[Saved entries]
==============================

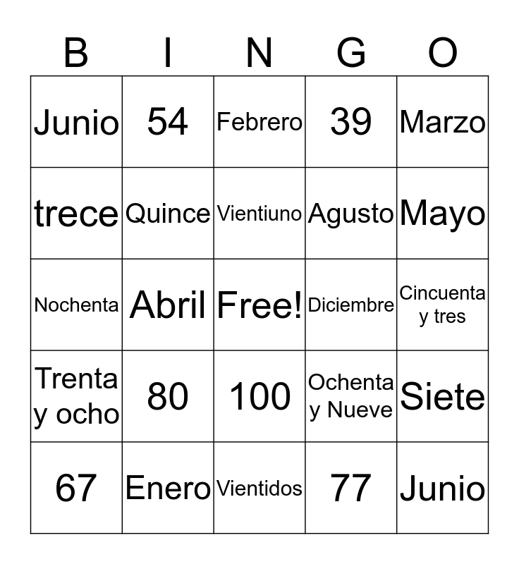 This bingo card has a free space and 24 words: 80, Enero, Vientiuno, 67, Marzo, Junio, trece, 54, Diciembre, 100, Agusto, Nochenta, Ochenta y Nueve, Siete, Quince, 77, Cincuenta y tres, Febrero, Mayo, Abril, Junio, Trenta y ocho, 39 and Vientidos.
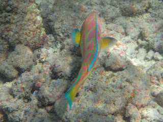 That lined wrasse. I've only ever seen one that I remember...and it sticks around out near the wave break.
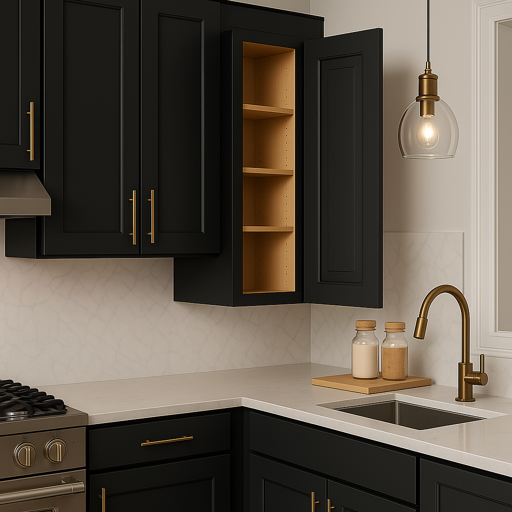 The Grayson Deep Onyx Wall Cabinet by Home Decorators Collection combines sleek design with premium functionality. Featuring a durable painted finish, soft-close doors, and adjustable shelves, this cabinet is perfect for modern kitchens.
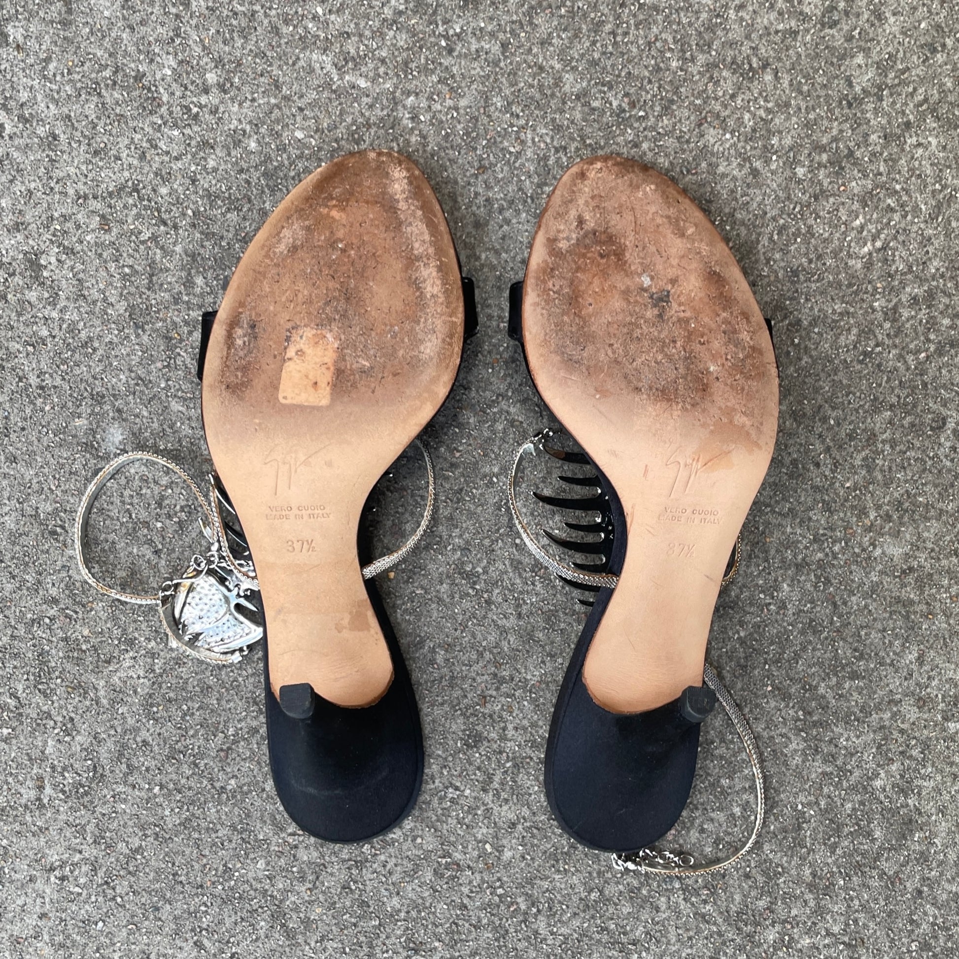 Good vintage condition. Some discolouration on straps. Heavy use on bottom soles. Some rhinestones have been restuck on but can be replaced.
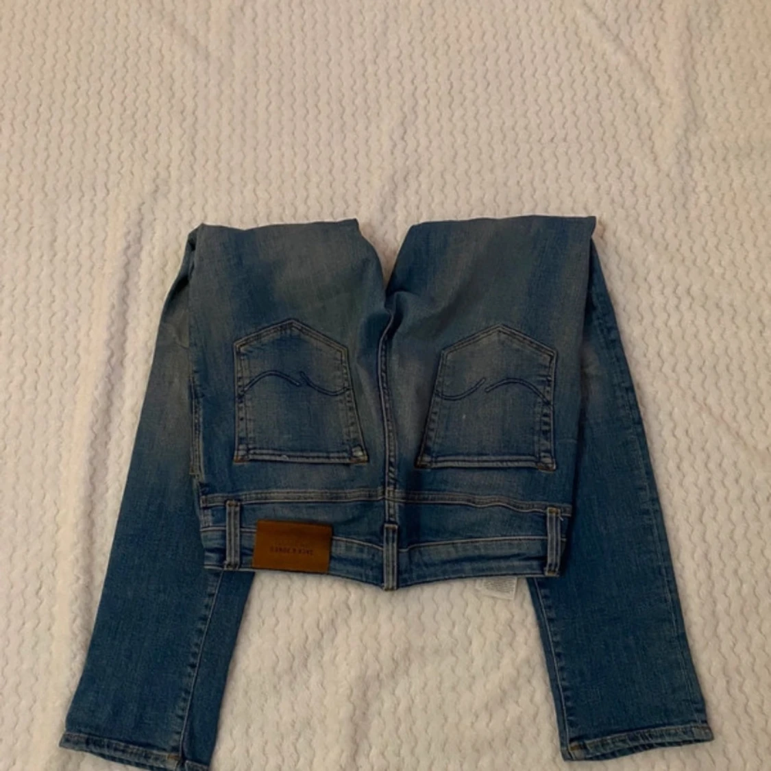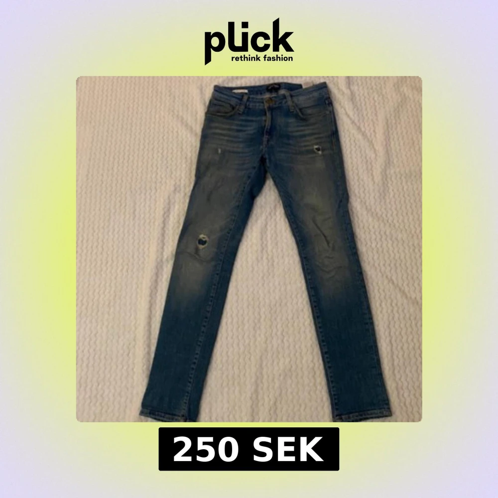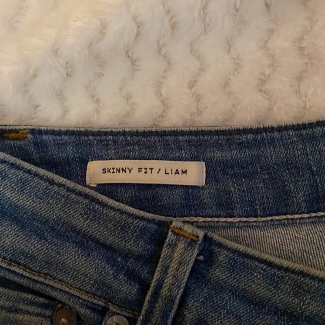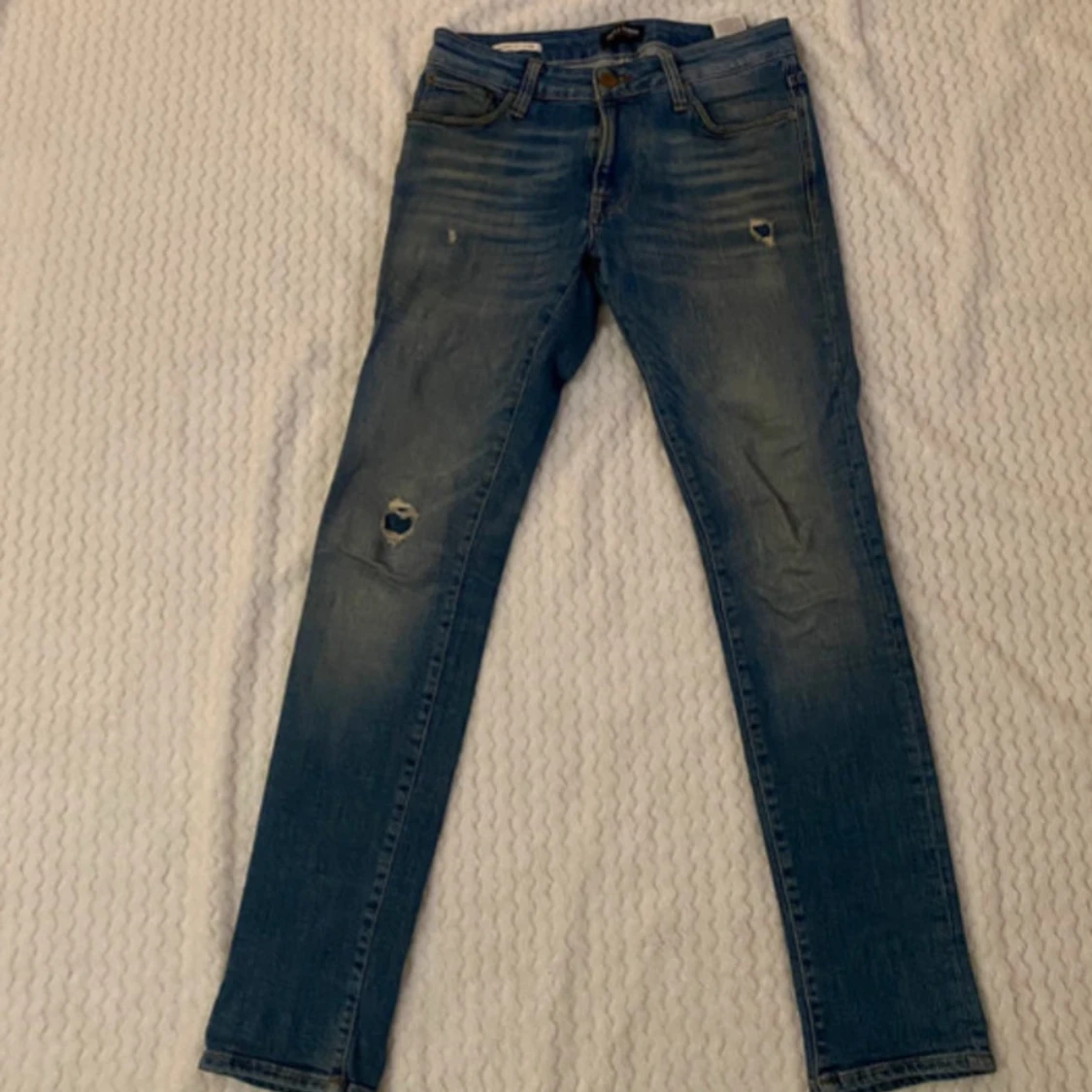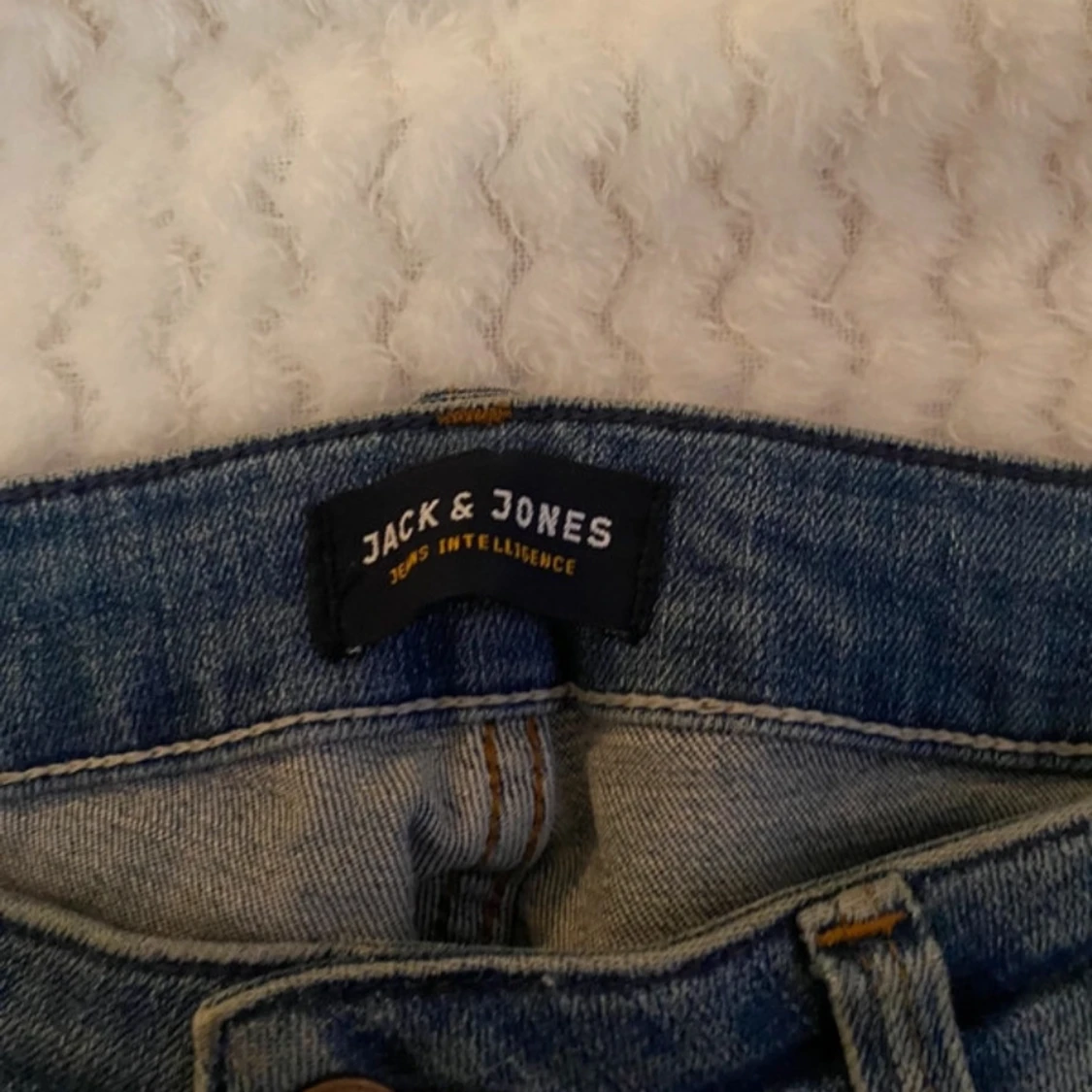 Säljer ett par blå skinny jeans från Jack & Jones, modell Liam. De har en klassisk femficksdesign och slitna detaljer på framsidan för en trendig look. Perfekta för en stilren vardagsoutfit.

==============================

From the line containing "The Grayson Deep" through the last line of the entries, copy each line exactly and only those, skipping all pictures.

__Solution for this problem__
 The Grayson Deep Onyx Wall Cabinet by Home Decorators Collection combines sleek design with premium functionality. Featuring a durable painted finish, soft-close doors, and adjustable shelves, this cabinet is perfect for modern kitchens.
 Good vintage condition. Some discolouration on straps. Heavy use on bottom soles. Some rhinestones have been restuck on but can be replaced.
 Säljer ett par blå skinny jeans från Jack & Jones, modell Liam. De har en klassisk femficksdesign och slitna detaljer på framsidan för en trendig look. Perfekta för en stilren vardagsoutfit.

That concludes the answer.